In the Heroine’s Journey Maureen Murdock discusses how “woman’s words” can “influence the experience of others“ through myths and images of the "sacred feminine” (pg. 147). As the syrinx’s instinctive words are etched into culture they give birth to renewal, transforming us through healing powers which accept everything and blame no one, yet also urge us to dig for the gold within ourselves. The syrinx is in the center and comes first. It is simple and grounded. On the other hand, “syntax comes last… and can be thought of… as a / higher form of expression” (stanza 2, lines 1, 3 & 5). When syntax joins with the syrinx they take off and soar, “breaking free of the dry, / the merely fricative / husk of the particular” rising “past saying anything” (stanza 2, lines 11-14).



The depths of our soul, the goddess, the deep dark force of life is associated with the feminine for symbolic purposes only. While a man’s body offers him more freedom in the physical world a woman’s body anchors her in the spiritual world, the unseen realm which exists without really existing at all. This force is not a female or only found in women, just as the ability to rule in the physical realm is not limited to men alone. Women can climb to the tops of the mountains and men can fall to the depths of their abyss. However, from a symbolic stance, it simply makes more sence to associate the dark power of the depths with the feminine and the powers of our skills and might to the masculine and the light of rationality. Like the syrinx and syntax, the masculine and feminine sides of life are set free when they join together and rise past being anything. The question of who is hurt more when the feminine elements of life are ridiculed and chastised may seem simple to answer, but in truth it is hard to say. Women were certainly not the only ones at a loss when the feminine side was thrown overboard in a frantic search for a light strong enough to reign in uncontrollable powers that swallow us again and again. In our search to control Mother Nature we have imprisoned ourselves. Yet if we escape our cells we will surely have more than we did to begin with.

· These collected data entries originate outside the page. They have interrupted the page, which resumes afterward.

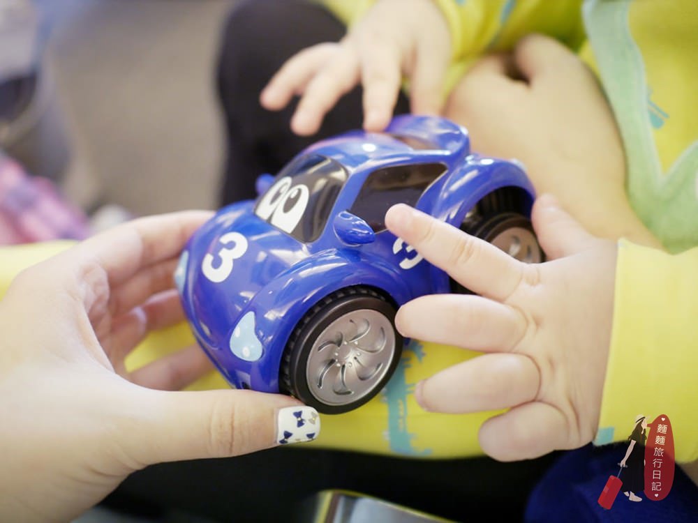 阿帶波仔上飛機呀!!我準備了兩個法寶~一是他愛吃的米餅、二就是他愛的玩具!!! (出發前幾天特地跑去俏媽咪噴了新車車咧)
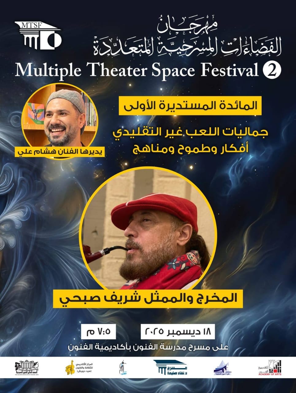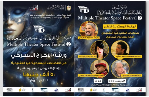 في إطار استعدادات «مهرجان الفضاءات المسرحية المتعددة» للدورة الثانية دورة الفنان «محمد صبحي» والتي من المقرر أن تقام عروضها في شهر أبريل 2026 تحت رعاية معالي وزير الثقافة الأستاذ الدكتور أحمد فؤاد هنو، وإشراف الأستاذة الدكتورة غادة جبارة رئيس أكاديمية الفنون ورئيس المهرجان والتي وجهت بضرورة أن تبدأ فعاليات المهرجان قبل انطلاقه بستة أشهر خاصة وهو مهرجان غير تقليدي وفعاليات يجب أن تكون غير تقليدية بغرض الاستفادة القصوى لكل القائمين على العمل المسرحي في مصر من عاملين وطلاب وهواة.
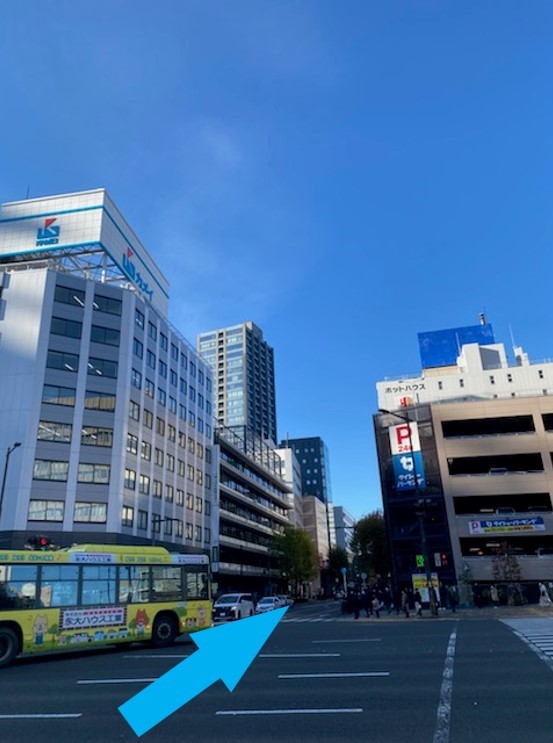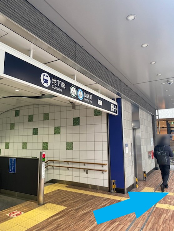 ① 仙台駅西1出口を出て、左折し西方向に南町通りを進みます。
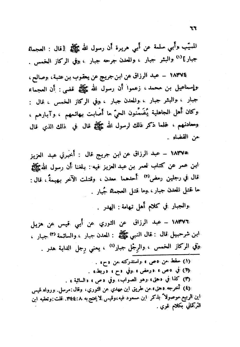 18376 - عَنِ الثَّوْرِيِّ , عَنْ أَبِي قَيْسٍ , عَنْ هُزَيْلِ بْنِ شُرَحْبِيلَ , قَالَ: قَالَ النَّبِيُّ صَلَّى اللهُ عَلَيْهِ وَسَلَّمَ: «§الْمَعْدِنُ جُبَارٌ , وَالسَّائِمَةُ جُبَارٌ , وَفِي الرِّكَازِ الْخُمُسُ , وَالرِّجْلُ جُبَارٌ» - يَعْنِي رِجْلَ الدَّابَّةِ هَدْرٌ -
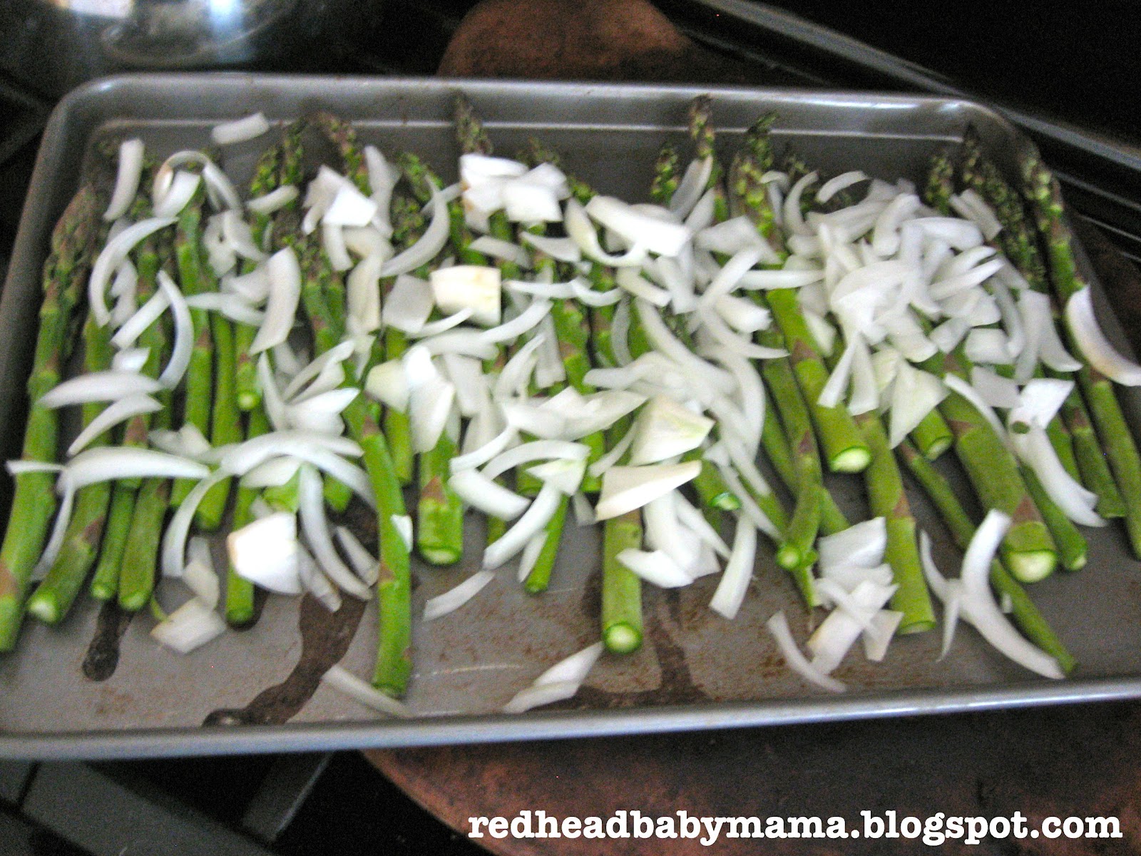 Then lay your stalks all the same way, trying not to stack them at all. I like to use my jelly roll pan for this, ungreased. Chop up your onion into slivers, squares, or bite sized pieces. Sprinkle your onions evenly on your veggie layer (if you have an onion allergy, the recipe is delicious without them, too!)

Poetry has a way of representing all layers of the whole in a balanced manner, granting poems the ability to illustrate the depths and dimensions of the deep, dark, feminine elements of life that are lost in the fast pace of our over-paced world. Brining the goddess within out into the open light requires time, patience, love and the option to employ various forms of expression. Each of these four poets has beautifully illustrated a face of the feminine elements of life. Some sides of the goddess are dark and destructive, while others are as good as gold. However, all parts are perfectly natural and a part of the whole, which is not complete without all its parts, and which becomes much greater than the sum of its parts when everything is included.



 
Works Cited

Estes, Clarissa Pinkola. Women Who Run With the Wolves. New York: Ballantine Books, 1992.
Ferguson, Margaret, Mary Jo Salter, and Jon Stallworthy. The Norton Anthology of Poetry. 4th ed. New York: W.W. Norton & Company, 1996.
Murdock, Maureen. The Heroine’s Journey. Boston: Shambhala, 1990.